Rewrite the above equation,

    $\begin{array}{c}-h=-\frac{1}{2}g{t}^2\\ t=\sqrt{\frac{2h}{g}}\end{array}$        (IX)

Conclusion:

Substitute $9.80{\text{m/s}}^{\text{2}}$ for $g$ and $50.0\text{m}$ for $h$  in (IX) to get $t$ ,

    $\begin{array}{c}t=\sqrt{\frac{2\left(50.0\text{m}\right)}{9.80{\text{m/s}}^{\text{2}}}}\\ =3.19\text{s}\end{array}$

Therefore, the time of impact of the stone is $\underset{\_}{t=3.19\text{s}}$.

To determine

The speed and angle of impact of the stone land .

Answer to Problem 19P

The speed and angle of impact of the stone land are $\underset{\_}{v_f=36.1\text{m/s}\text{and}\theta =-{60.1}^{\text{o}}}$.

Explanation of Solution

In this case, at the time of impact $v_{xf}=v_{xi}$ .

The vertical component velocity of the stone, $v_{yf}=-gt$ .

Substitute $\sqrt{\frac{2h}{g}}$ for $t$ in the above equation,

    $\begin{array}{c}{v}_{yf}=-g\sqrt{\frac{2h}{g}}\\ =-\sqrt{2gh}\end{array}$        (X)

Write the expression for the final velocity of the stone.

    $v_f=\sqrt{v_{xf}^2+v_{yf}^2}$        (XI)

Here, $v_f$ is the final velocity of the stone

Write the expression for the angle of impact of the stone.

    $\theta ={\tan }^{-1}\frac{v_{yf}}{v_{xf}}$        (XII)

Here, $\theta$ is the angle of impact of the stone.

Conclusion:

Substitute $9.8{\text{m/s}}^{\text{2}}$ for $g$ and $50.0\text{m}$ for $h$  in (X) to get $v_{yf}$ ,

    $\begin{array}{c}{v}_{yf}=-\sqrt{2\left(9.8{\text{m/s}}^{\text{2}}\right)\left(50.0\text{m}\right)}\\ =-31.3\text{m/s}\end{array}$ .

Substitute $18.0{\text{m/s}}^{\text{2}}$ for $v_{xf}$ and $-31.3\text{m/s}$ for $v_{yf}$ in (XI) to get $v_f$ ,

    $\begin{array}{c}{v}_f=\sqrt{{\left(18.0{\text{m/s}}^{\text{2}}\right)}^2+{\left(-31.3\text{m/s}\right)}^2}\\ =36.1\text{m/s}\end{array}$ .

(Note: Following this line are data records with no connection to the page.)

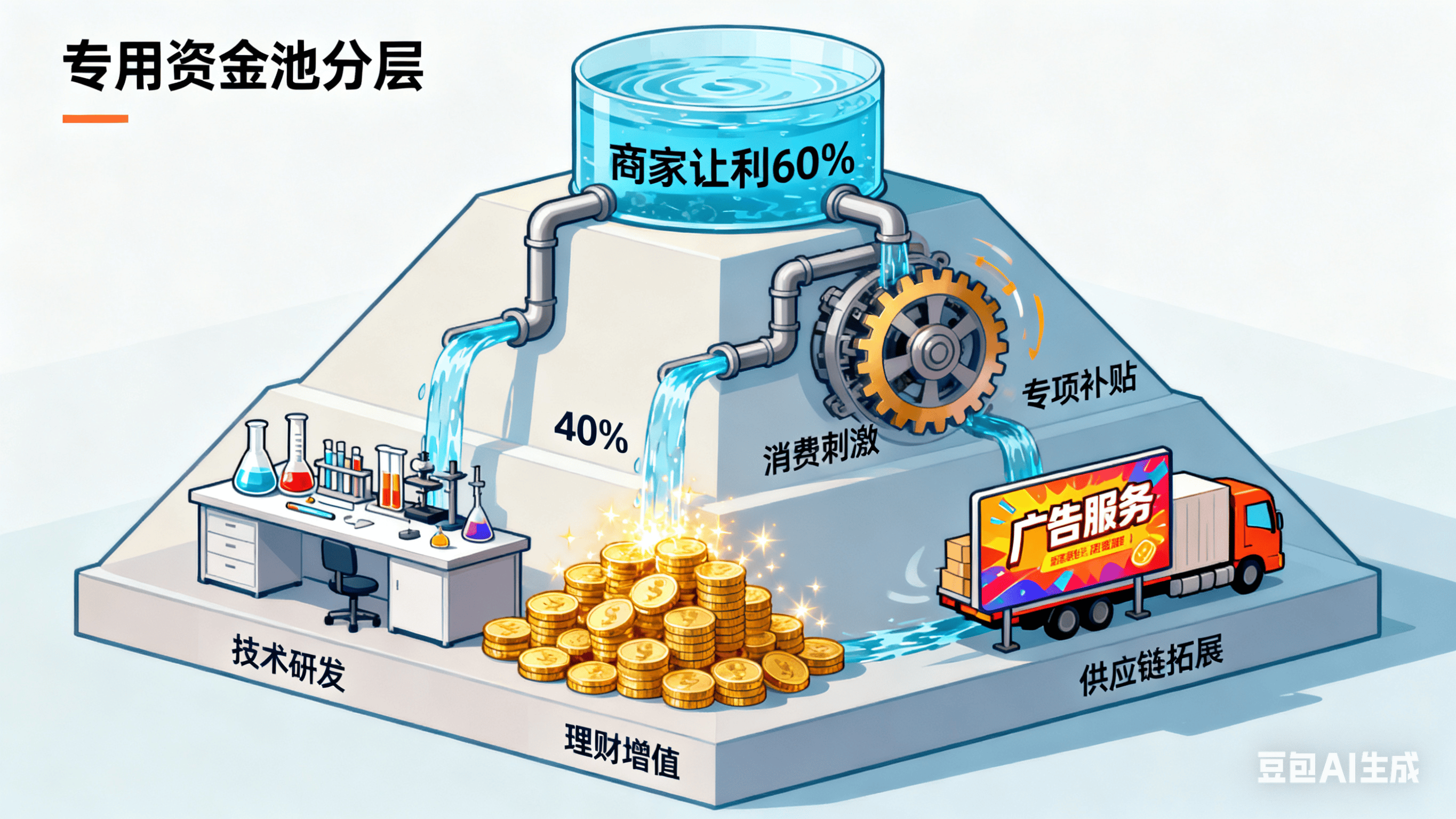 从平台层面来看,哥小兔通过 “专用资金池”(即商家让利的 60%)进行分层运营:其中 40% 作为专项补贴,用于刺激消费市场;20%投入到技术研发与理财增值领域,提升平台竞争力与资金效益;剩余收益则用于拓展供应链、广告等衍生服务,从多方面保障补贴的可持续性。
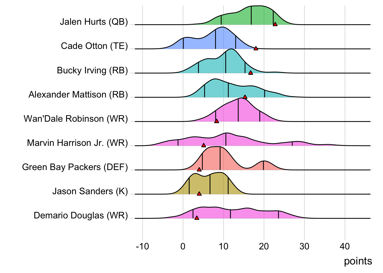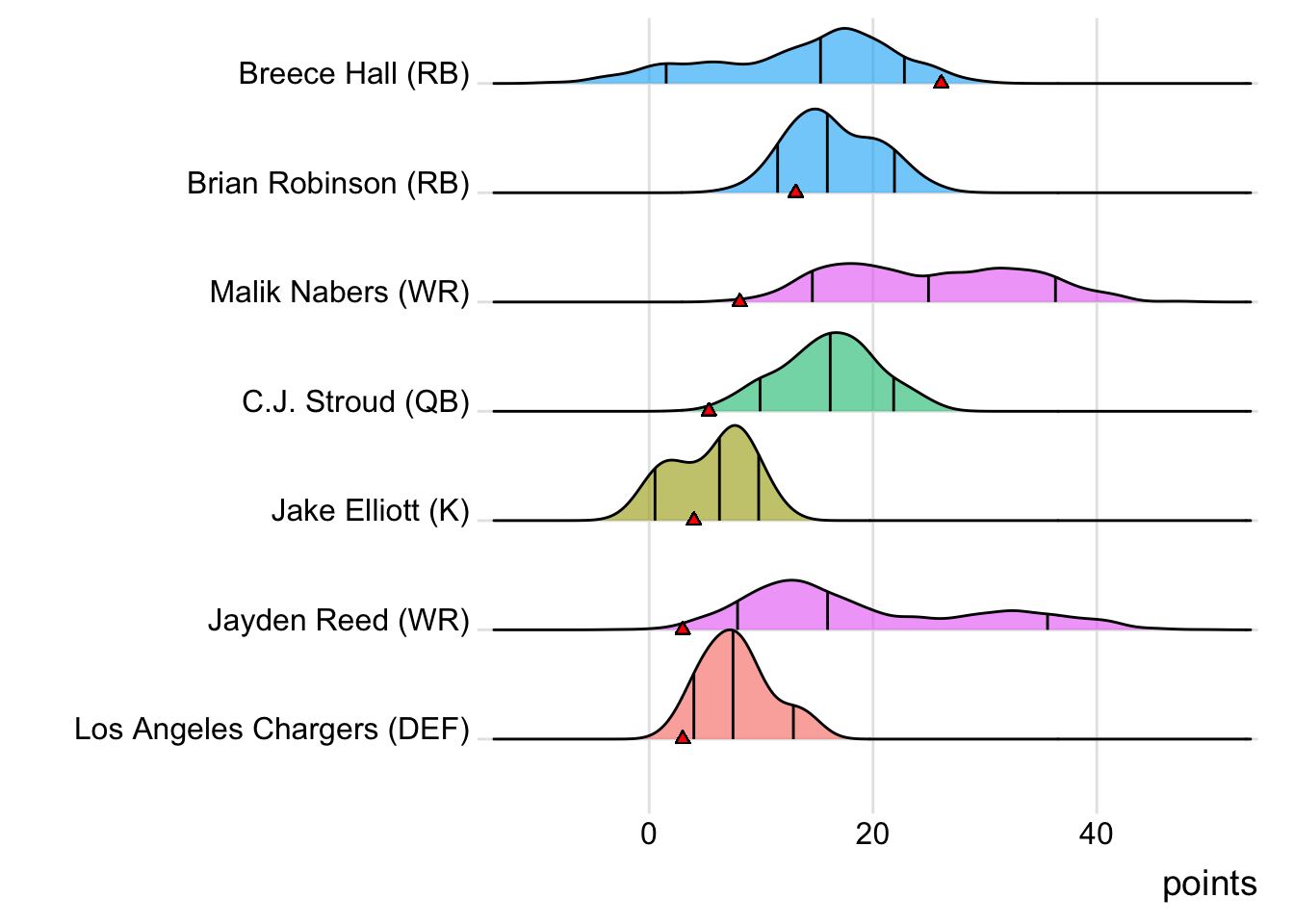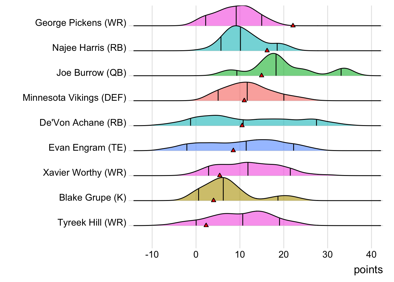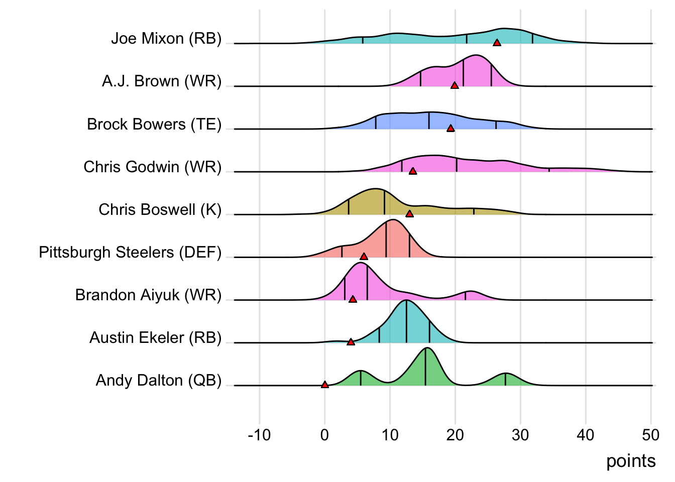 Since Mixon was the leading point-getter for Sorocaba Steelers, it means a different player has now topped the team in each of the past five weeks. With 20.70 points, Zack Moss paced the squad in Week 3, while Justin Fields put up 31.98 points to lead the way in Week 4. Brock Bowers (23.70 points) was tops in Week 5 and Chris Godwin (35.50 points) led in Week 6. Also, with 24 touches this week for Bijan Robinson, it means that his touches have now increased in three consecutive games.
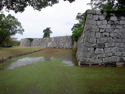 ![]() 潮見櫓台 二之丸東南端に位置し、潮見櫓と呼ばれた二重櫓が存在した。現在は櫓台の石垣のみが残されている。南沖櫓とともに海上監視のための櫓で、城南面の守りを固めていた。 |
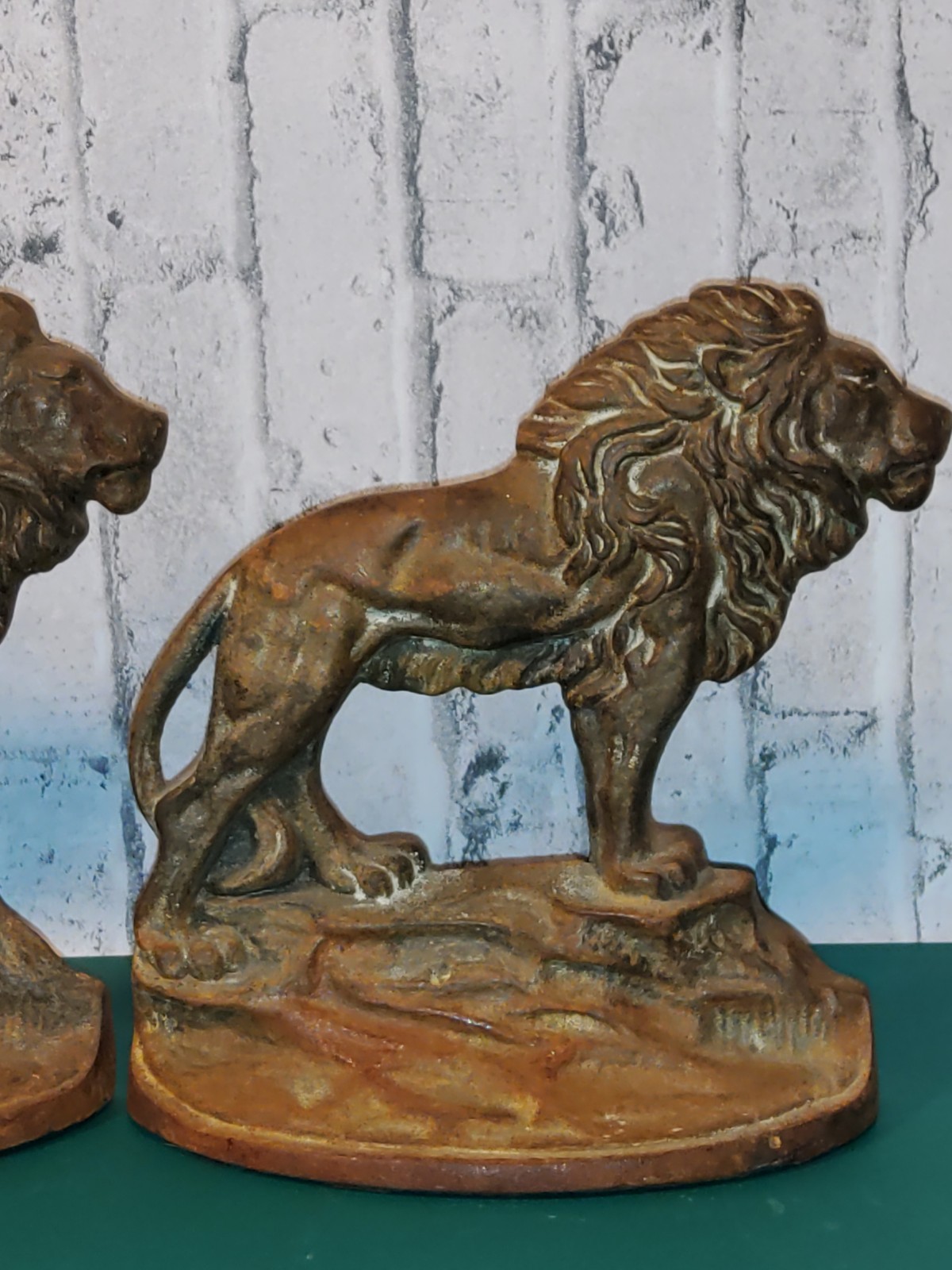 Vintage Pair of Figural Lion Bookends 1920's Metal Lions, Bron-Met
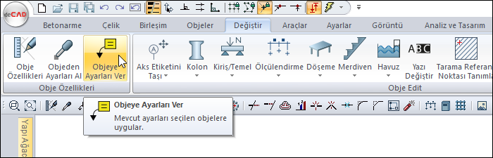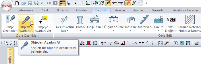 Objeden Ayarları Al komutu, daha önceden çizilmiş bir objenin ayarlarını kopyalar. Objeden Ayarları Al komutu kullanıldıktan sonra, yeni çizilecek elemanın özellikleri ayarı baz alınan eleman ile aynı olacaktır.
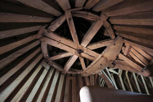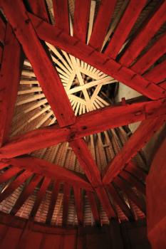 Château de Fougères-sur-Bièvre, tour d'angle, combles, salle de guet, détail de la poivriere
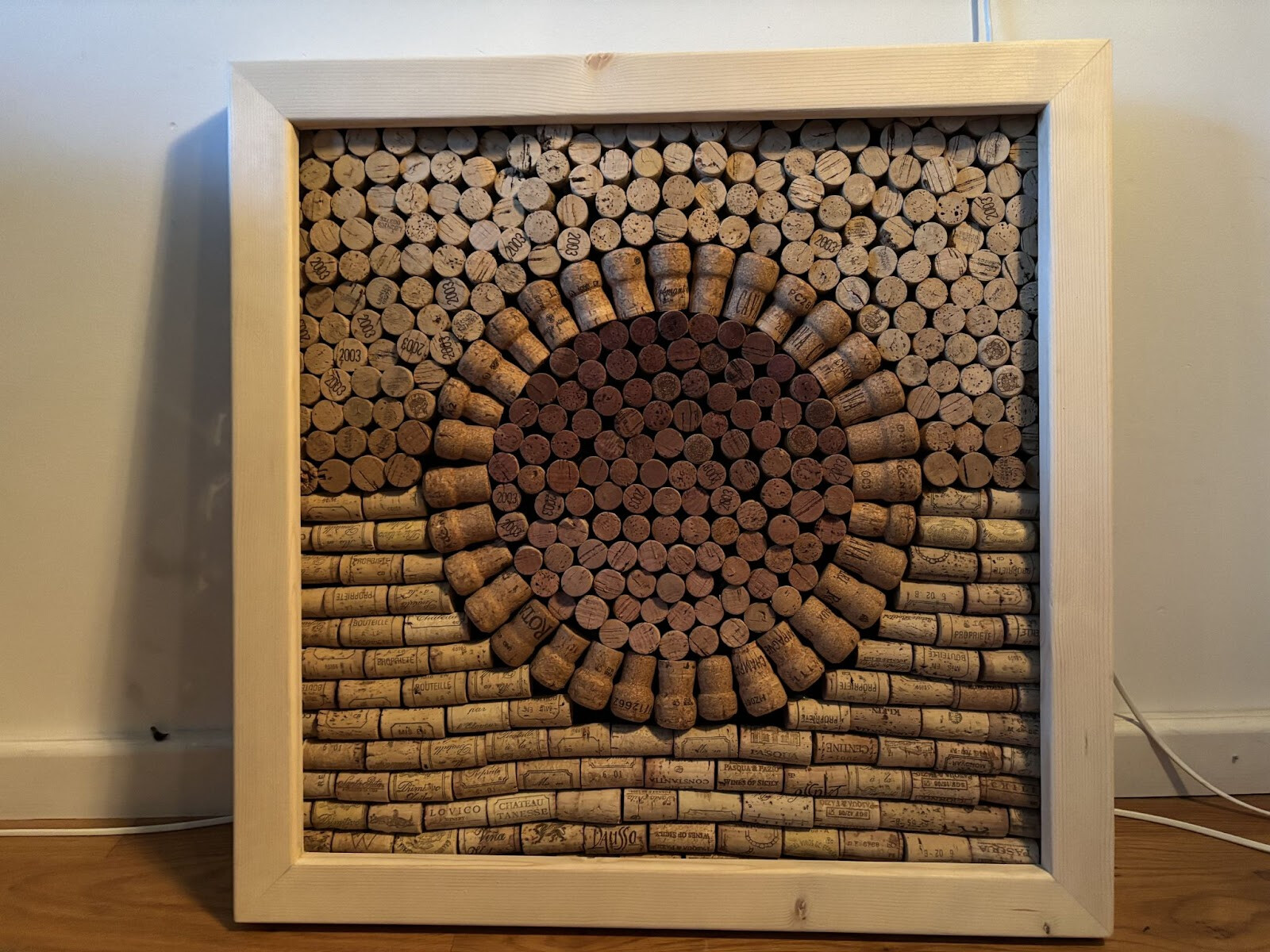 började med en cirkel fortsatte sen med lite både liggande och stående kork för att testa det som komma skulle

Substitute $-31.3\text{m/s}$ for $v_{yf}$ and $18.0\text{m/s}$ for $v_{xf}$ in (XII) to find ${\theta }_f$ ,

    $\begin{array}{c}{\theta }_f={\tan }^{-1}\frac{31.3}{18.0}\\ =-{60.1}^{\text{o}}\end{array}$

Therefore, the speed and angle of impact of the stone land are $\underset{\_}{v_f=36.1\text{m/s}\text{and}\theta =-{60.1}^{\text{o}}}$.